Begun in 2002 and expanded in 2006, the granite-clad, Italianate palazzo has 29,236 square feet of living space and incorporates a total of 55,543 square feet of improvements.

It "is of the highest quality construction and is designed to display opulence," DeAlmeida wrote in his opinion, which noted its two-story entrance foyer with marble floors and a black onyx fountain surrounded by a circular staircase.

The centerpiece is the "Lemon Room," vastly larger than most homes in Moorestown, which not only contains an array of lemon trees but looks out on the estate's sweeping gardens, waterfalls, and statuary.

DeAlmeida's order bars publication of the court's photos of Villa Collina or the verdict's detailed descriptions of its proportions and appointments, according to Irwin.

He said the Hills had not decided whether to proceed with pending lawsuits appealing their home's assessments for 2009 through 2012.

Thomas Coleman, Moorestown's former solicitor and its attorney in Hill v. Moorestown, said Wednesday that he was gratified by the verdict in what he called "an extremely important case."

"The home the Hills have isn't the same caliber of building materials we have in an everyday family home," said Coleman, "even in Moorestown," where the average listing for a home last month was $780,000. The median home sale price in December was $576,000, according to the listing service Trulia.

Coleman said he had not filed a counterclaim at trial asking the judge to declare Villa Collina's assessed value at $34 million because he was trying "just to defend what our assessors said it was worth."

In 1973, Hill founded Commerce Bank and grew it to 470 branches before it was sold in 2007 to the Canada-based TD Bank Financial Group for $8.5 billion.

Regulatory controversies swirled around Commerce and Hill before the sale, including allegations that he awarded lucrative contracts to family members.

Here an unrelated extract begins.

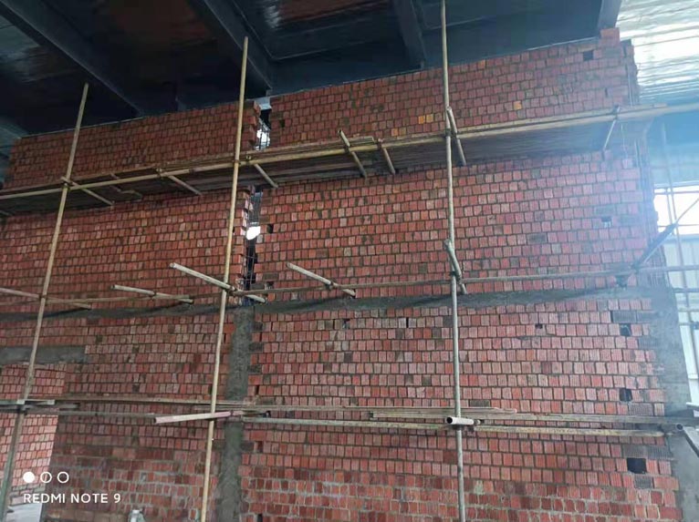 土建砌筑配電室外墻和打樓梯混凝土立柱。
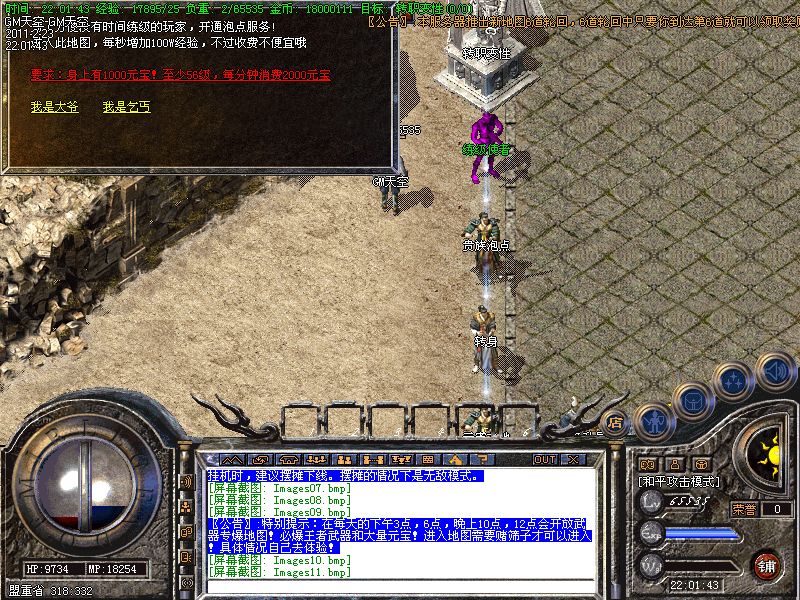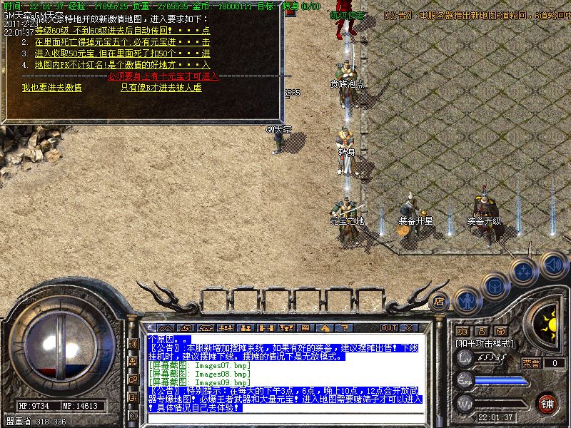 新增元宝使者,刷新地点,土城药店旁边。每60分钟刷新一次,元宝爆满地。

Forbes magazine reported that year that the bank had paid Shirley Hill, who owns the Mount Laurel design firm InterArch, "$50 million over the last decade to design and furnish Commerce branches."

InterArch recently acquired the former Acme Market in downtown Moorestown and is converting it into its headquarters.

Irwin defended the Hills' right to appeal their assessment, saying many in Moorestown will likely do the same in the weeks ahead.

"Rich people have the same rights as everyone else," said Irwin, describing Hill as a philanthropist who, when designing Villa Collina, "purposely downsized his house so as not to make it larger than the White House."

"I think that's a tribute to his patriotism."